I started on a three/week schedule and am experimenting to find an appropriate volume per workout. I'm also loving the weighted chinups and have worked up to singles with 30 pounds. Maybe I'll experiment with weighted isometric holds too.

I'm hoping someone could help troubleshoot the pullups a little bit though.

Starting with straight arms, I realized I lack strength on one side in the first inch or so range of motion. I've been covering it up until now with momentum. When I start at the top and slowly lower down, there's a point right near the bottom where the shoulder feels like it shifts a little and I lose strength. This doesn't happen with the chinup grip. I'm just wondering if this is something you've seen before and happen to know what it is?
 
That sounds a bit like a sublaxation of some sort, it could be the humeral head or the AC joint. Without seeing it happen I could only guess.

If that doesn't settle down within a few weeks of doing weighted pullups you would be wise to use the chinup grip or use a lighter weight until you can do it while keeping the joint packed and firmly in place. I have similar issues, so I can't rely on ligaments to hold my shoulder joint in place, I have to mindful of every action and devote extra attention to keeping that joint packed.

Sometimes rotational exercises can help tighten things up, but you really should see someone to find out exactly what's going if it keeps up. If you can't see anyone avoid doing anything that will cause separation of the joint - long term with added weight that can be a recipe for disaster.
 
I just had a thought.

If you try a more neutral grip or use rings or some other improvised incarnation of a mobile handle to do your pullups on, you might be able slowly push your limits and work up to a full pronated grip without causing that sublaxation.

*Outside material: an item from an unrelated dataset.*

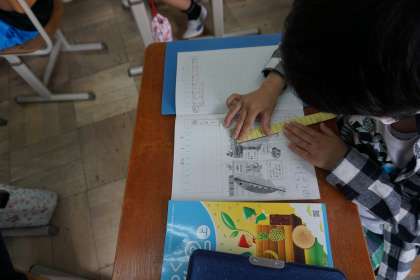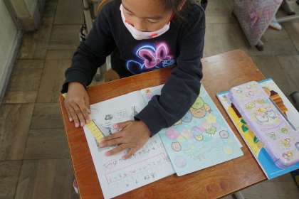 算数科「長さ」の学習では,ものさしを使って正確に長さを測ることを頑張っています。端をそろえること,ずらさないでまっすぐ測ることに注意して,ものさしを使っています。
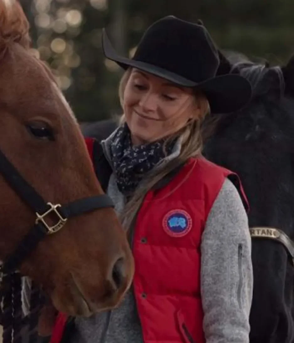 Bring the beloved Heartland charm to your wardrobe with the Amber Marshall Heartland Red Down Vest, exclusively at VogueLayer. Inspired by Amy Fleming’s iconic ranch-style look, this vest is designed for fans who appreciate functional fashion with a touch of Western elegance.

The natural tendency for most people when they start using rings is start with a neutral grip and when they get to the top position the grip tends to turn to a more supinated position. It doesn't have to though, you can choose any grip position that works for your anatomy and mix things up if you want strength in other grip positions.
 
Quick update.

After a few more workouts, the pullup grip is starting to feel better. My theory is that whatever muscles are more heavily emphasized with the pullup grip vs the chinup grip just needed some time to catch up, and maybe the coordination takes a little time to learn. Anyway, it's starting to feel more solid now and I'm satisfied with my progress.